My 'little' thought.
There's a lot of things in my mind that I want to forget. And there's a lot that I want to keep and remember. There's a lot of things that I wanted so much in life, and there's a lot that hated. There's many people that I want to love, and there's many that I wish I never met them.
This is how life works. I want to keep this in mind, but my heart refuse to take it.
I hate you.
I really hate you.
I wanted to mean those word to you. I want those word to became real. I really do.
But my heart, thought it ache so much, it keeps on loving you. Only you.
I don't know how long I'm going to cry... I don't know how many days I won't be able to sleep... I don't know if I can take any food... I don't know if I'm able to smile a sincere smile... I don't know... I don't know...
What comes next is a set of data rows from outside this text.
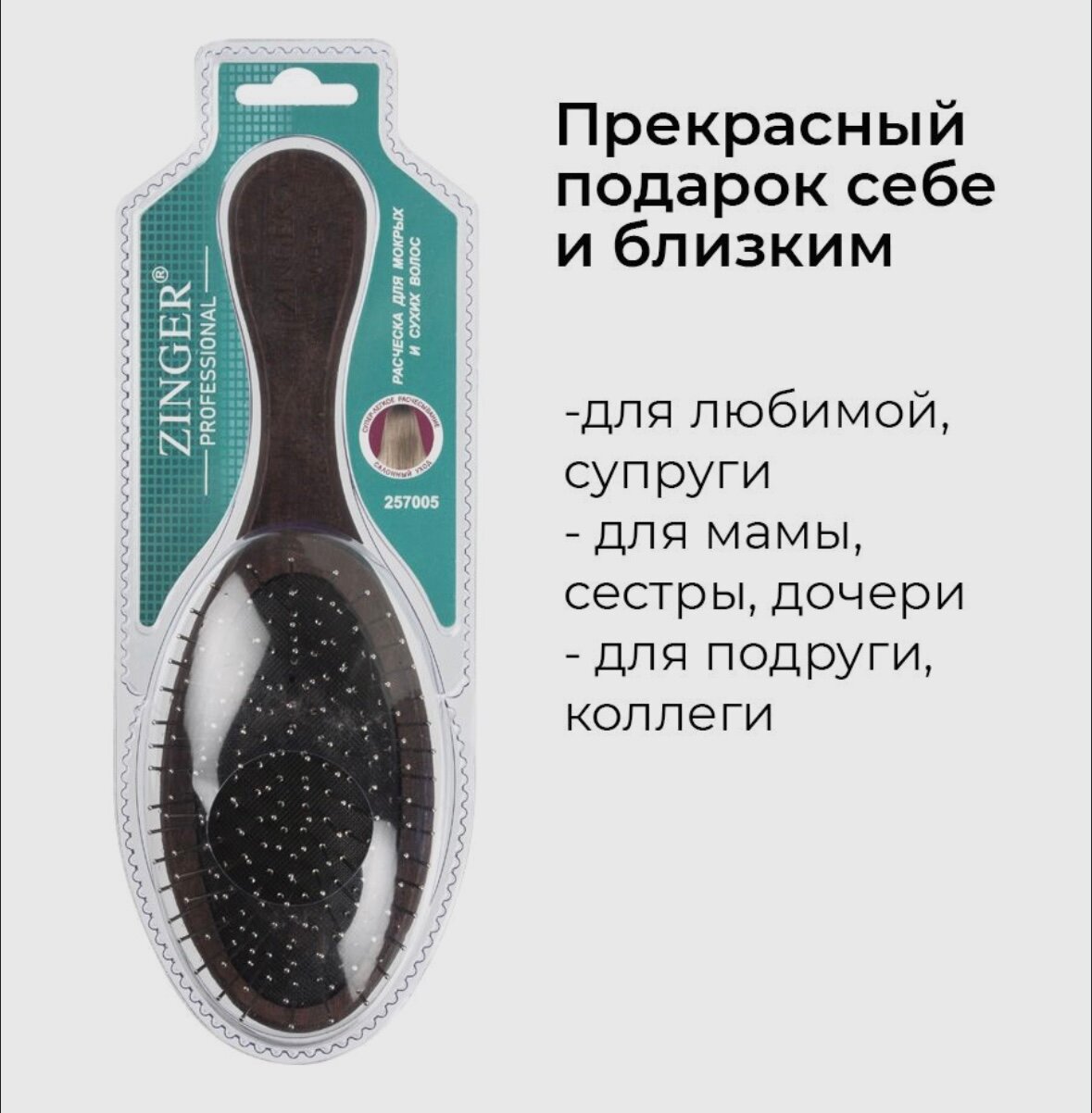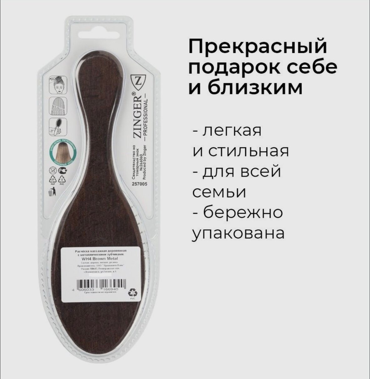 Zinger Расческа WH-4 массажная деревянная с металлическими зубьями,щетка для распутывания волос и массажа головы интересное:
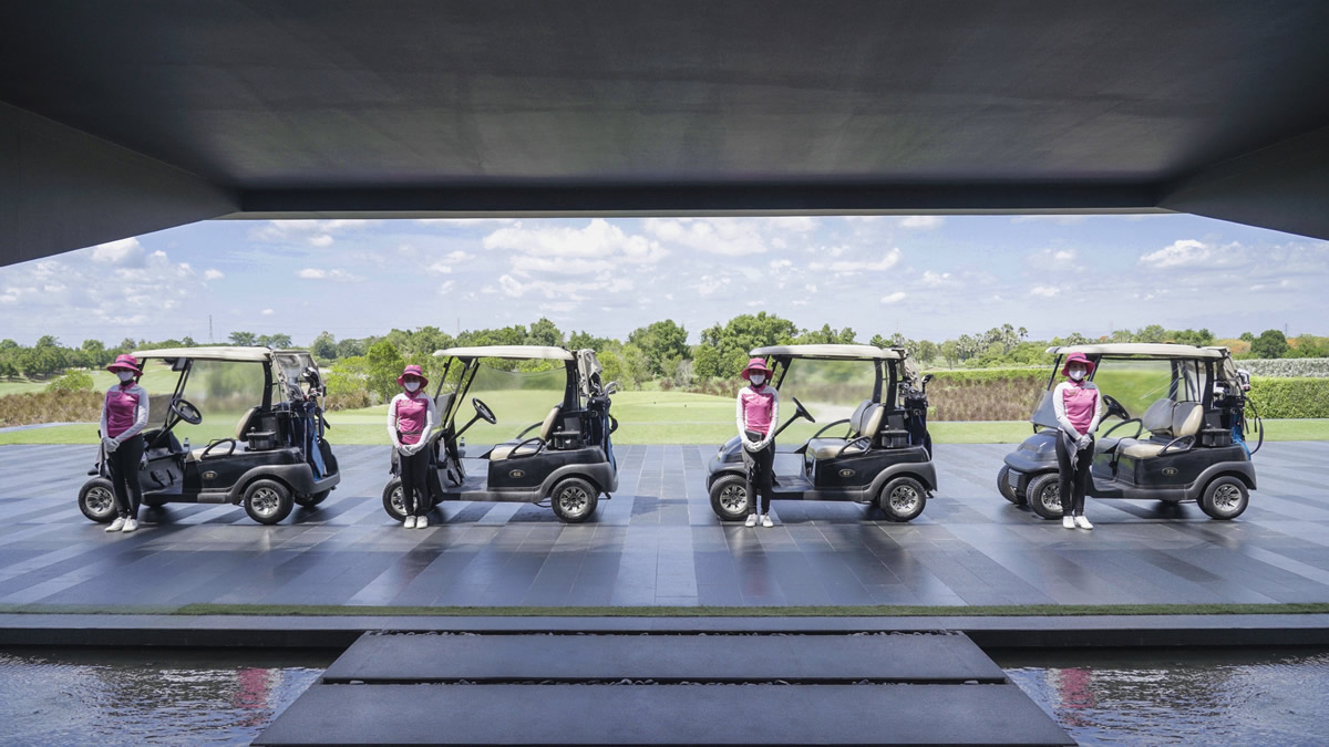 採取後、クラブハウス地下の駐車場へ移動し結果が出るまで待機します。結果が出て陰性であればキャディさんがカートで迎えに来てくれるので、カートにバッグを積んでクラブハウスへ。大体10分弱で完了とのとこと。
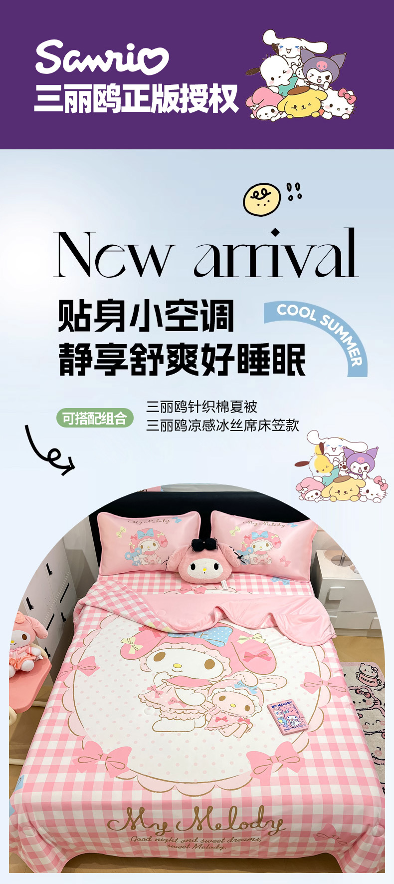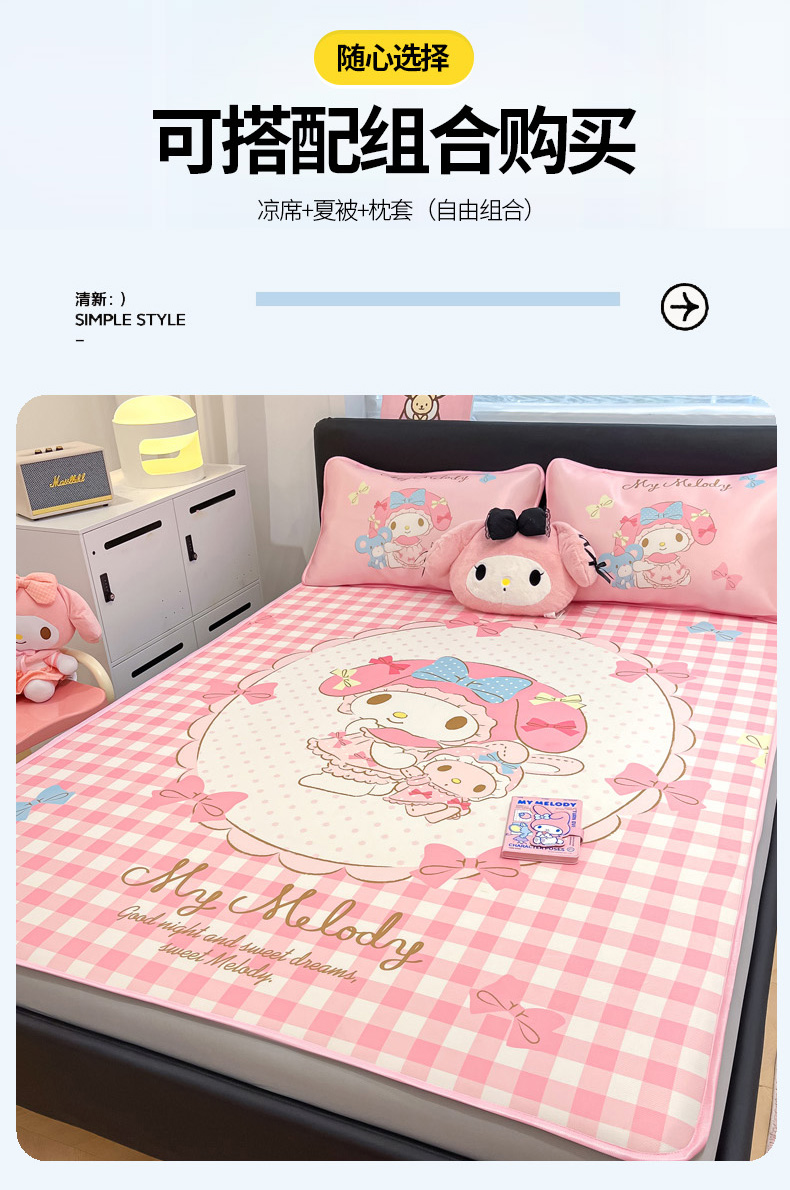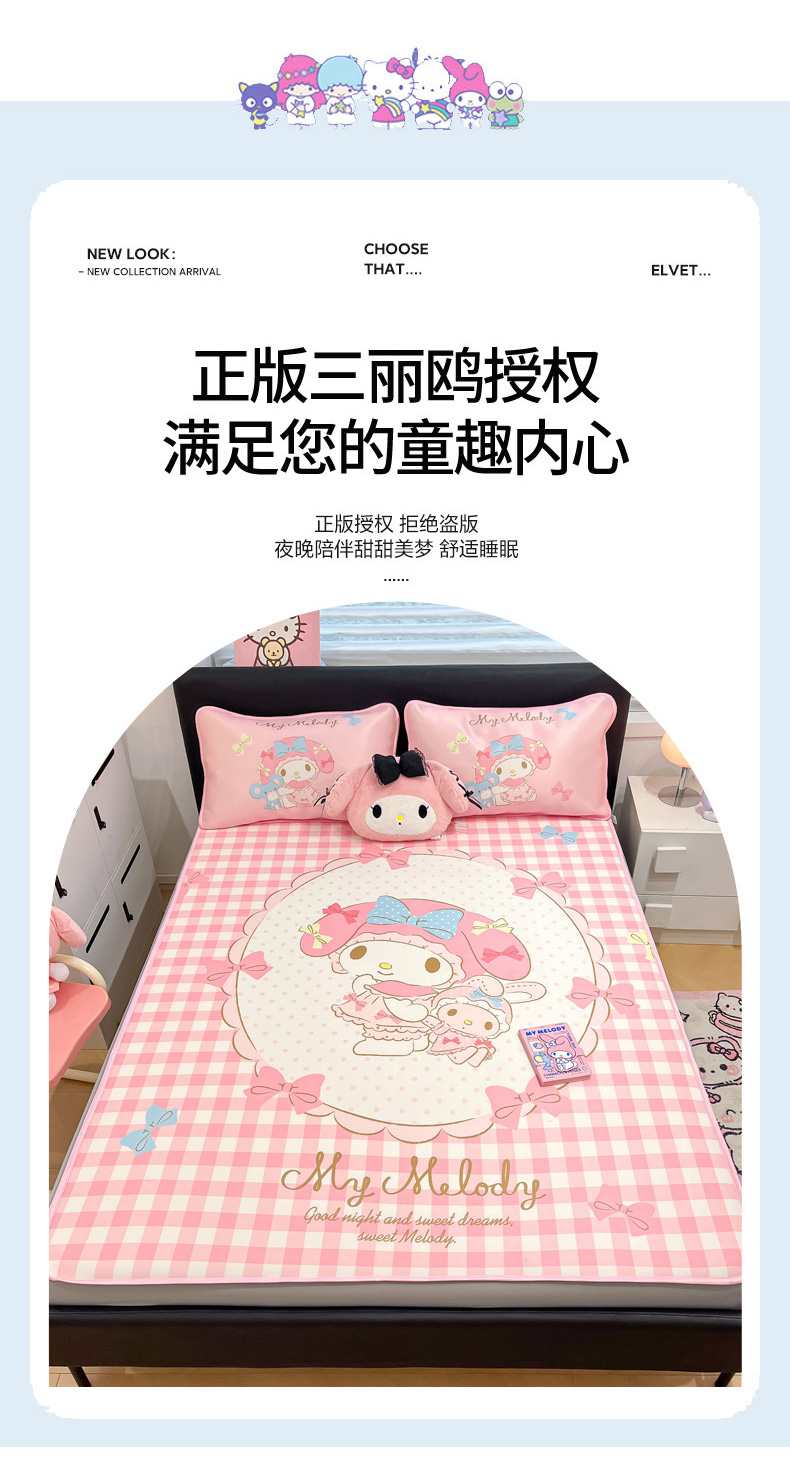 当前位置: 91家纺网 > 商品网购 > 床上用品 > 凉席 > 暮思家居 2025新款正版授权A类大版数码印花三丽鸥可机洗1200D冰丝凉席可组合针织棉夏被四件套床笠款 床笠款-相框美乐蒂
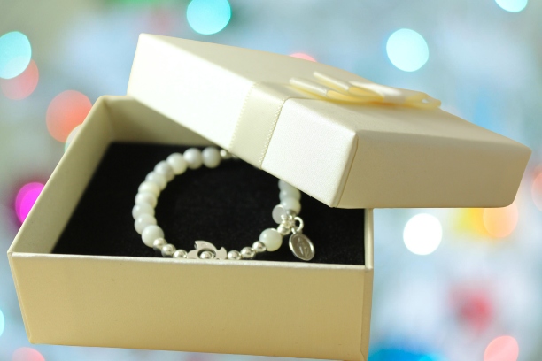 Браслет упакован в кремовую коробочку с бантиком.

The thing that I know is... you don't love me anymore.
I hated this fact. Even long before I know you.
I've been in love before, several hurt me, and several, I hurt them. But I'm sick of those. I just wanted a sincere love, is it too much to ask?
I.. don't want to remember anything... I just want to lie there comfortably, and never made it back alive. I'm afraid of tomorrow. I'm afraid I'm going to break down again tomorrow.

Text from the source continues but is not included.